In order to obtain images of best quality and to reduce the radiation exposure to the bladder, patients should be encouraged to drink sufficient amounts of water and to empty their bladder prior to and after the scintigraphic examination.
An interval of at least 2 days must be observed between any previous scintigraphy with other 99mTc-labelled agents and administration of 99mTc-labelled anti-granulocyte MoAbs.
The potential interference of antibiotics has to be considered. However, patients receiving antibiotic treatment should not be excluded “a priori”. The decision whether to perform or cancel the study depends entirely on the clinical setting and must be discussed with the referring clinician on a case-by-case basis [16].
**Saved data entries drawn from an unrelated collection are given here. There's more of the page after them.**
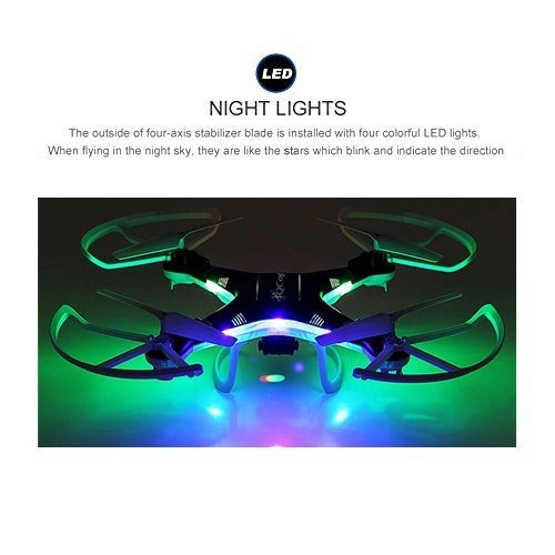BRILLIANT DRONE COLORS AND LED LIGHTS - Metalic-colored RC drones are custom designed. Awesome colorful LED lights on flying drone provide night illumination. RC Helicopter Quadcopter drone lights will WOW your family, friends and neighbors. Watch the night light show!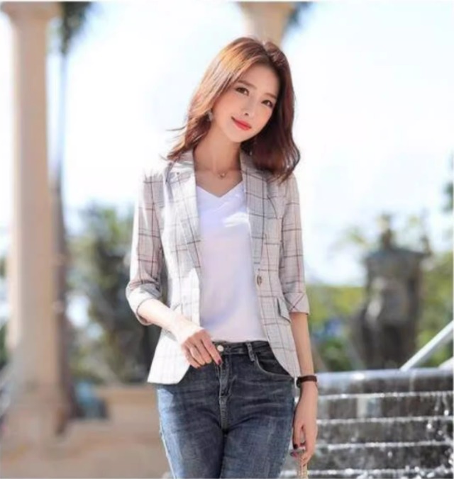 レディース ジャケット スーツ 上着 7分袖 スーツカラー タイト スリム ストレート ポケット ボタン かわいい 大人可愛い きれいめ シンプル カジュアル 上品 おしゃれ ガーリー ラブリー キュート チェック 春 夏 謝恩会 通勤 学生 学校 通学 デート お出かけ 女子会 ショッピング 韓国 コーデ 普段使い 着回し モテ トレンド 流行 インスタ映え S M L XL 2XL 3XL ベージュ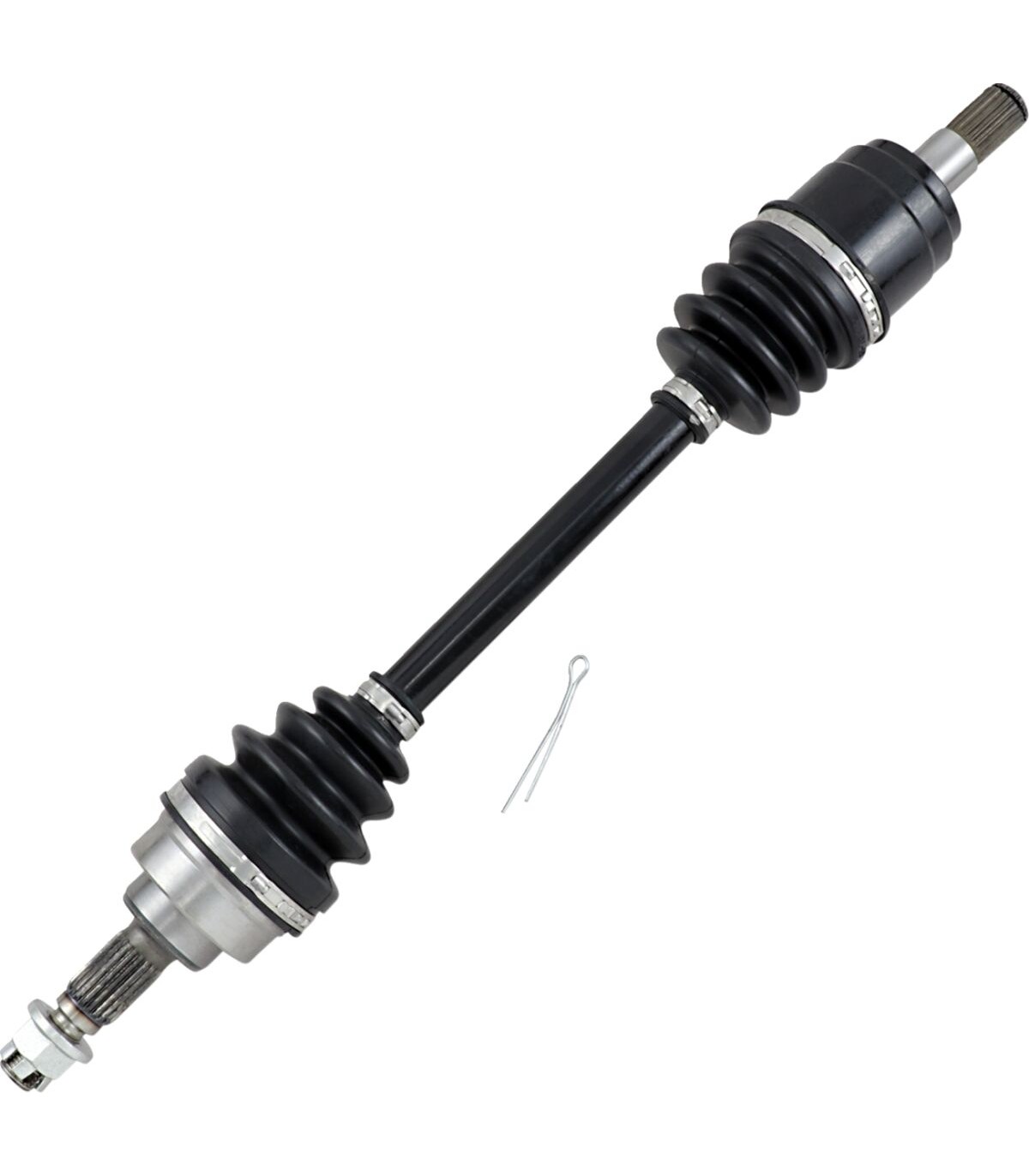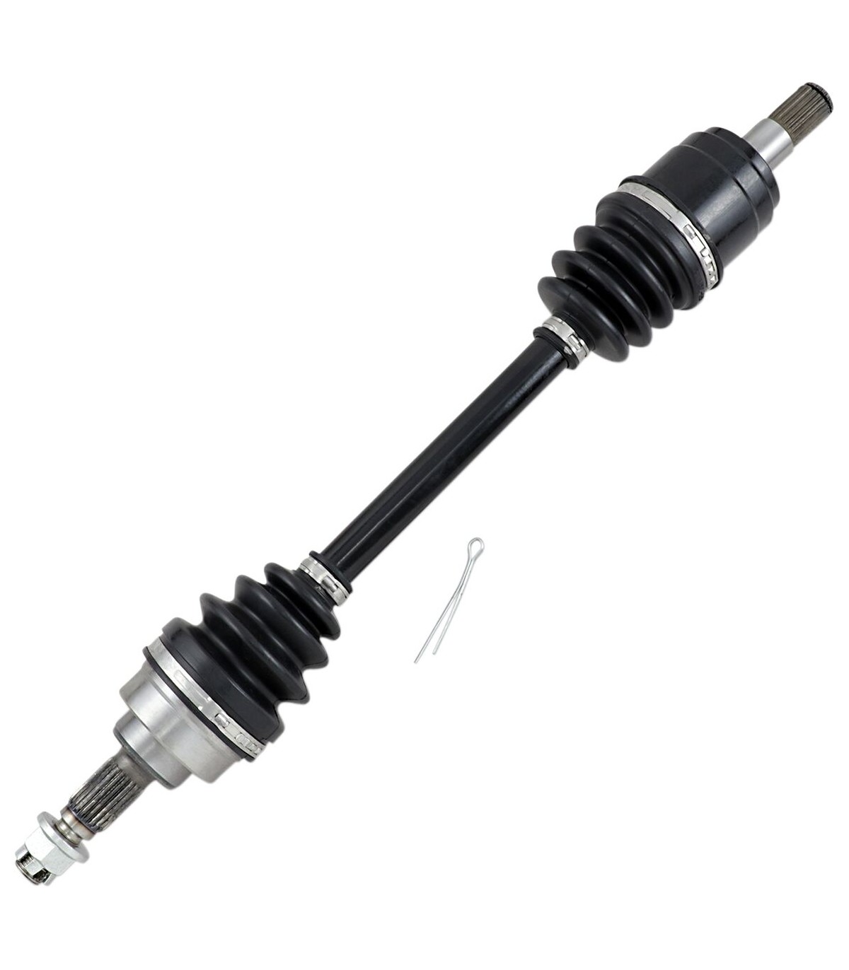 Kit d’axe completTous les composants internes réalisés avec précision sont assemblés grâce à de la graisse moly pour roulement résistant aux températures et charges élevéesTêtes de cardan côté pont et côté roue entièrement assemblées installées sur un arbre du cardan en acier chromoly 43-40Inclut un écrou d’axe et une rondelle (le cas échéant)Assemblage à l’aide de clamps low-profile en acier inoxydable

Close contact with infants and pregnant women should be restricted during the first 12 hours after the radiopharmaceutical injection [23, 24].
It is routine to advise that breastfeeding can be restarted when the level in the milk will not result in a radiation dose to the child of greater than 1 mSv. Due to the half-life of 99mTc, a dose of less than 1 mSv in mother’s milk can be expected 24 hours after administration.
Further information and recommendations are available in the EANM practice guideline on clinical indications, image acquisition and data interpretation for white blood cell and anti-granulocyte monoclonal antibody scintigraphy [16].